In particular, your "alien" definition of betweenness does not satisfy Theorem 5. For instance, let $a$ be any line, and let $A$ and $B$ be two points that are very close and on the same side of $a$ (by the usual definition). Then by the alien definition, $A$ and $B$ must be on opposite sides of $a$, since there is a point between $A$ and $B$ on $a$ (since if line $AB$ intersects $a$ at $C$, then $C$ will be the farthest away of $A, B,$ and $C$). But now if you take a third point $C$ which is also very near $A$ and $B$, then $C$ must similarly be on the opposite side of $a$ from both $A$ and $B$. This is impossible since there are only two sides of $a$.


As a side comment, it's a feature, not a bug, that Hilbert's axioms describe the primitive notions rather than define them. You can think of the axioms as a set of rules that allow you to determine when a structure deserves the name "Euclidean geometry". You must provide the definition of your structure, and then the axioms tell you whether your definition really describes a model of Euclidean geometry or not. This approach is pervasive in modern mathematics: for instance, the axioms of a group don't tell you what the group elements or operation are; they just give conditions under which a set of elements equipped with an operation is called a "group".
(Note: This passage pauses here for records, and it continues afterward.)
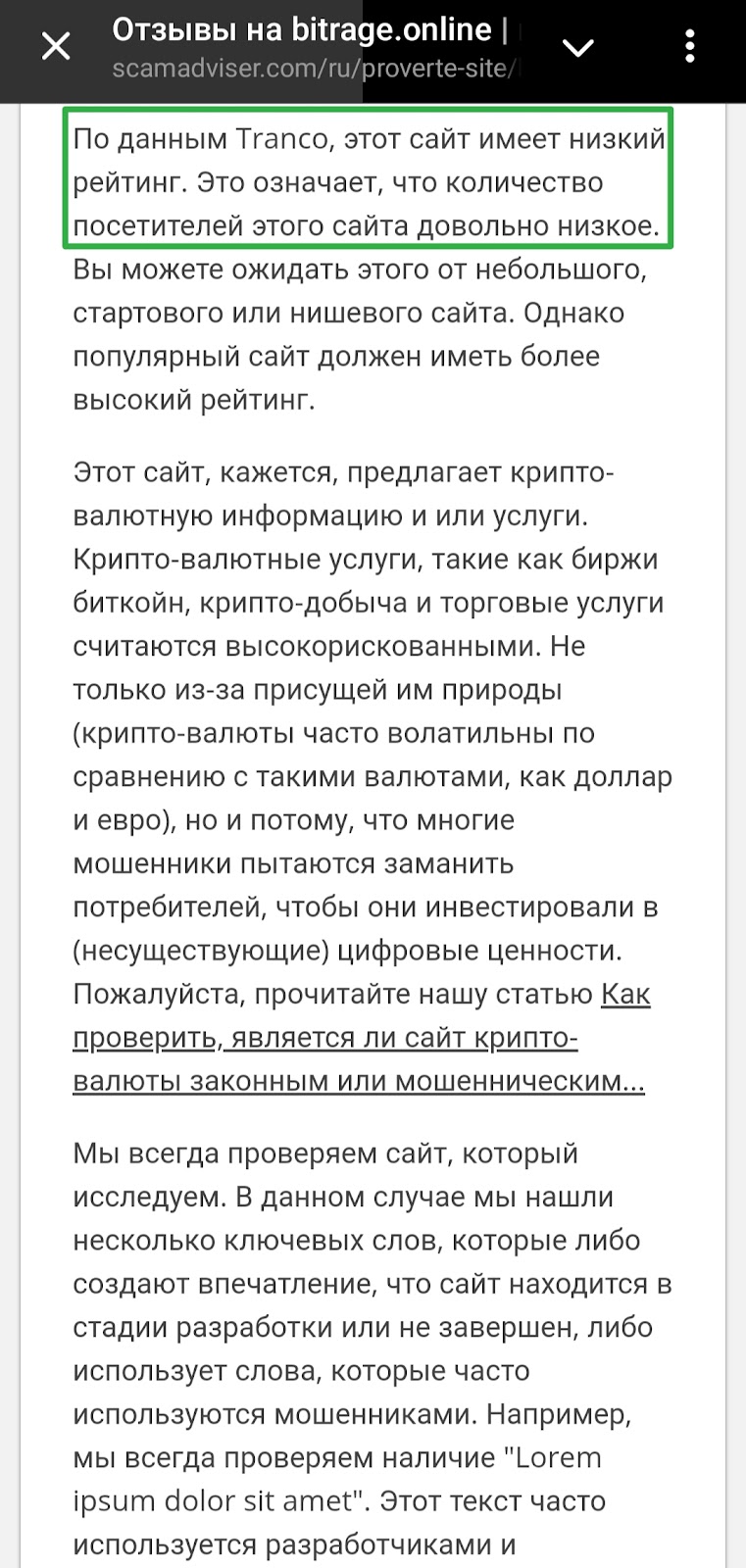 Правда независимые сервисы вроде ScamAdviser пишут обратное — трафик у сайта довольно низкий.
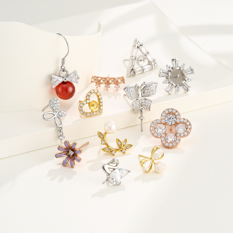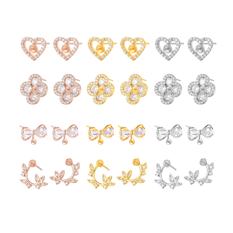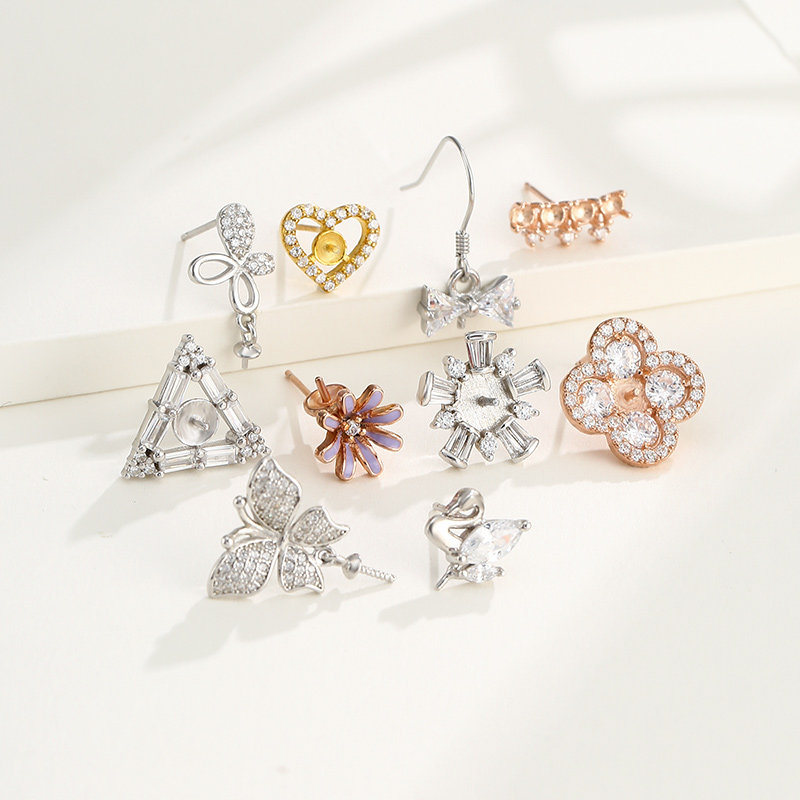 925纯银耳钉空托配件 diy珍珠耳环耳坠托女日韩18K金耳钩耳夹配饰
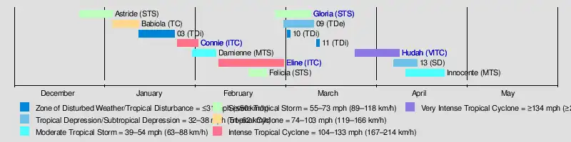Despite the destructive nature of the season, it began later than usual. Cyclone Astride originated toward the end of December, bringing rainfall and gusty winds to northern Madagascar while in the region. In January, Cyclones Babiola and Connie both formed east of Madagascar and took southerly tracks. Connie passed near Réunion island, producing 1,752 mm (69.0 in) of rainfall in the mountainous peaks and killing two people. Eline, the longest lasting storm of the season, struck Mozambique while the country was experiencing its worst flooding in 50 years, collectively causing around 700 deaths and about $500 million in damage. The storm also killed 12 people in Zimbabwe and 21 in South Africa. Just two weeks after Eline struck Madagascar, Tropical Storm Gloria affected the same general region, bringing additional deaths and damage. Cyclone Hudah in April was the strongest storm of the season, reaching peak 10‑minute winds of 220 km/h (140 mph). It caused three deaths in Mozambique, although its effects were worse in Madagascar, where there were 111 deaths. The final storm of the season was Tropical Storm Innocente, which dissipated on April 24. In addition to the named storms, there were four unnamed tropical disturbances or storms, as well as one subtropical cyclone that formed in the southern Mozambique Channel.
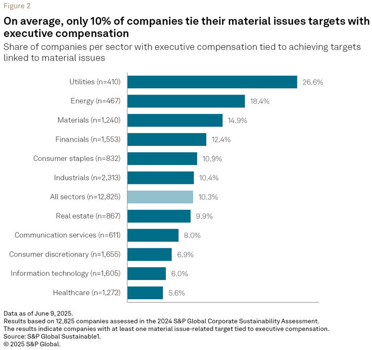 Within our ESG Scores and data, underpinned by the S&P Global Corporate Sustainability Assessment (CSA), we assess whether companies have pinpointed essential metrics associated with their most pressing issues and whether these metrics affect executive committee member compensation.
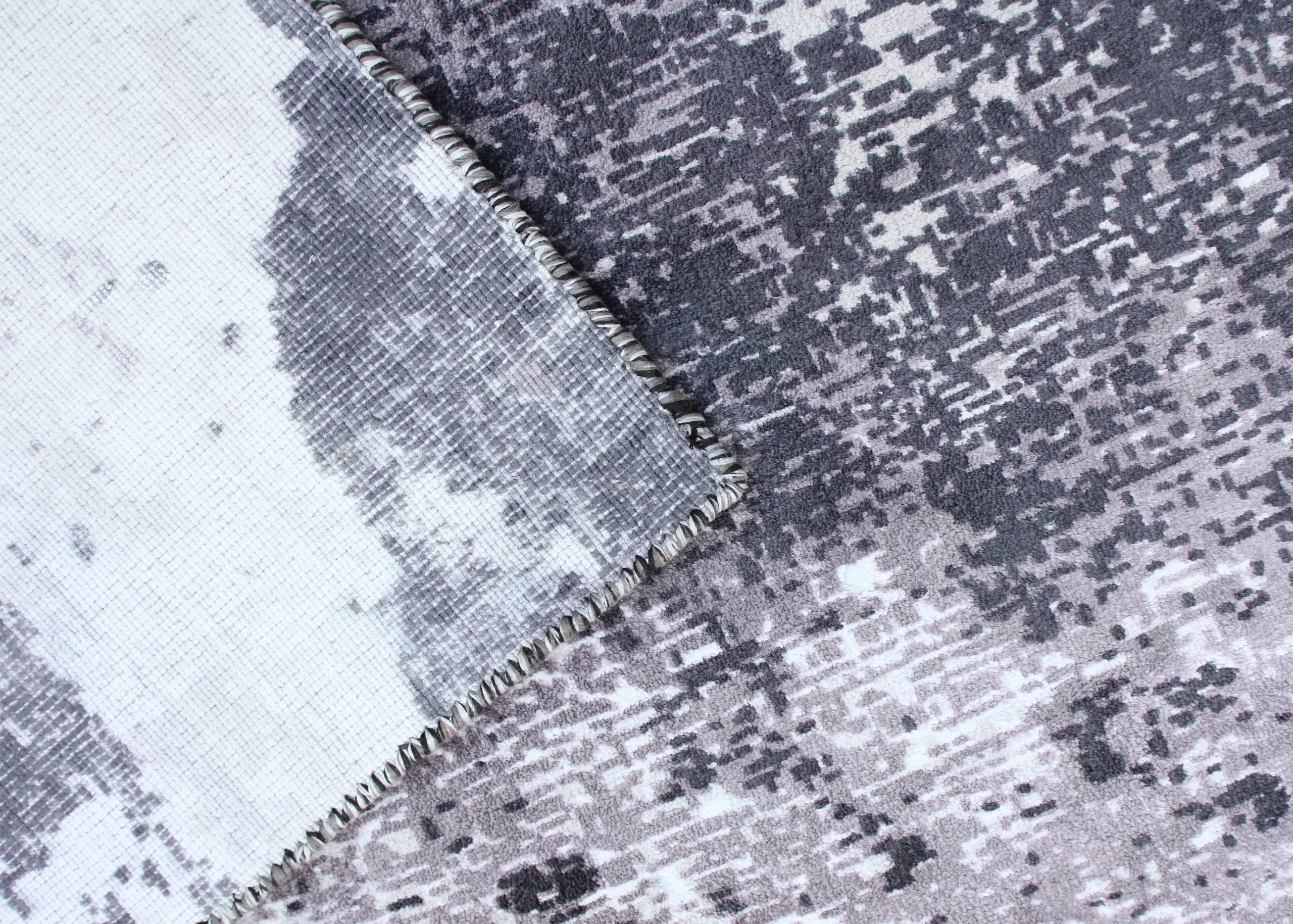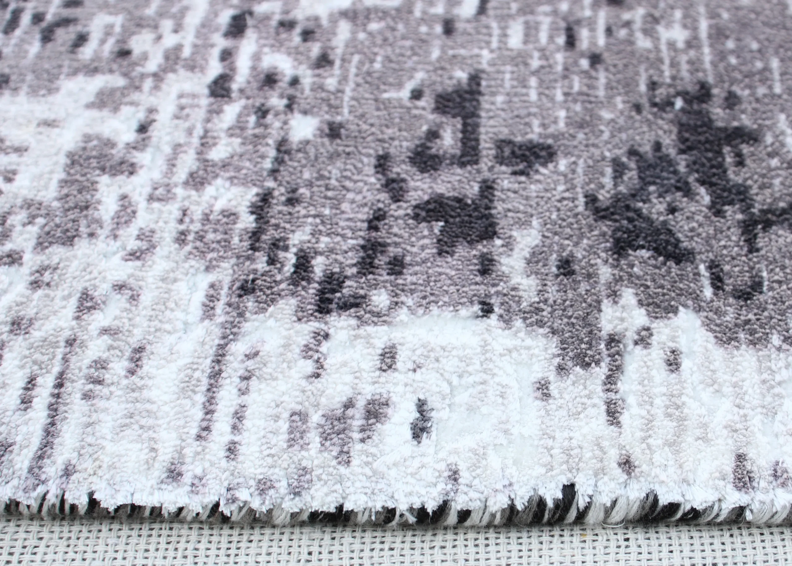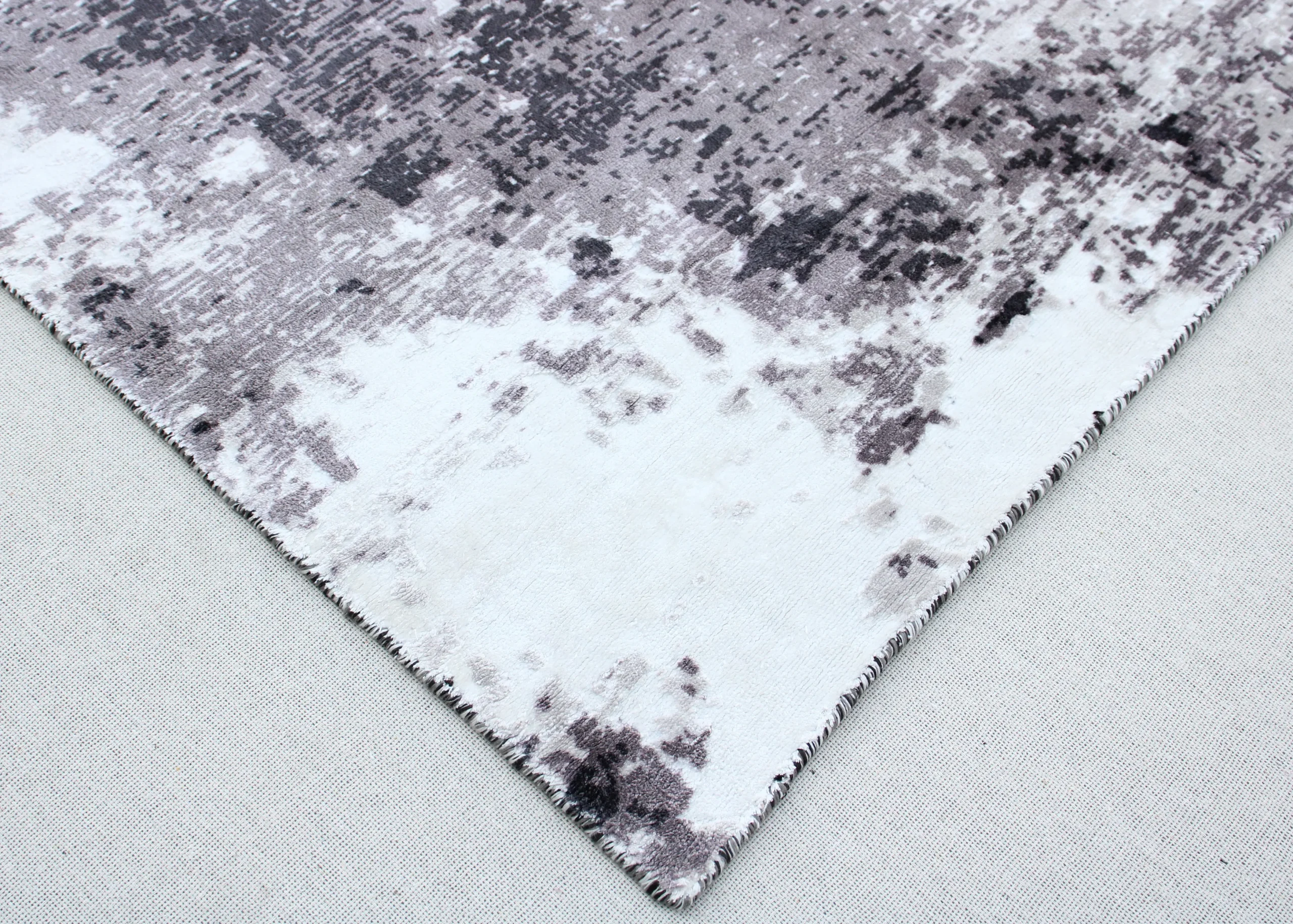 Il tappeto in tencel rettangolare si erge come un’opera d’arte moderna, posizionata con maestria al centro dell’ambiente. La trama astratta e irregolare cattura l’attenzione con le sue macchie e sfumature di colori neutri, tra cui grigi scuri, grigi chiari e accenni di bianco sporco. Questa composizione evoca un’immagine pittorica, con dettagli che suggeriscono una superficie vissuta e ricca di storia. Lo stile strutturato del design si fonde armoniosamente con la fluidità e dinamicità dei motivi, creando un gioco di luci e ombre che conferisce profondità all’ambiente circostante.
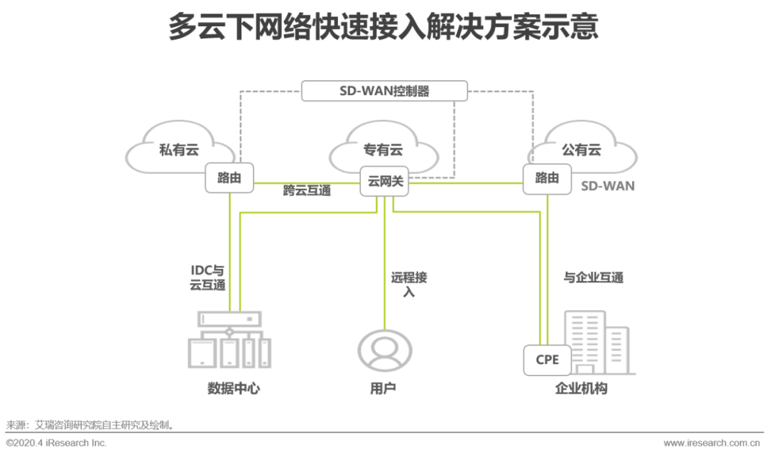 公有云的优势是成本低,企业出于成本考虑将响应时间要求低的业务在公有云上,或是企业应用需要引入公有云的服务,接入PaaS平台等,需要通过云网关将企业IT系统、私有云、专有云、公有云等端连接,从而实现混合云。这种多云混合的模式是专有云服务商未来重点延伸的领域,专有云成为多云融合策略的一部分,以提高云服务能力。将不同形态的云、传统IT系统等进行组合,提高用户跨云的资源利用率,催生出新的业务,更好的为业务服务。混合云也将被越来越多的企业采用,提高系统的可用性,提升应用负载能力,应用开发效率等。同时,基于原有VPN的专线的网络连接方式,云服务提供商正引入SD-WAN组网技术来优化自己的专网,探索云网融合发展,保障企业上云后的多云高质量、高稳定性互联。
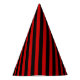 Este é um chapéu à moda da festa de aniversário a vestir-se para um partido. Caracteriza listras vermelhas e pretas.
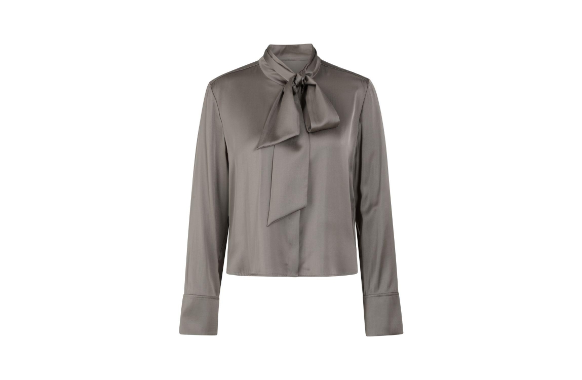 MarcCain Collections Bluse 836 Soft charcoal. Dit rechtvallende model is voorzien van een ronde hals met een afneembaar strik en heeft lange mouwen. Deze grijze satijnen look blouse van MarcCain sluit door middel van knopen.

Now, in the case of Hilbert's axioms, one can prove that up to isomorphism there is a unique structure which satisfies the axioms. So, up to isomorphism, there really is only way to define a structure which follows the axioms. But the "up to isomorphism" is crucial: the entire point of the axioms is that there are many different ways we could define what a "point" or "line" is or what "betweenness" means, and that geometry doesn't actually care exactly what definition we use. Geometry only cares about the structural relationships between all these primitive notions, which will be preserved by an isomorphism of models of the axioms.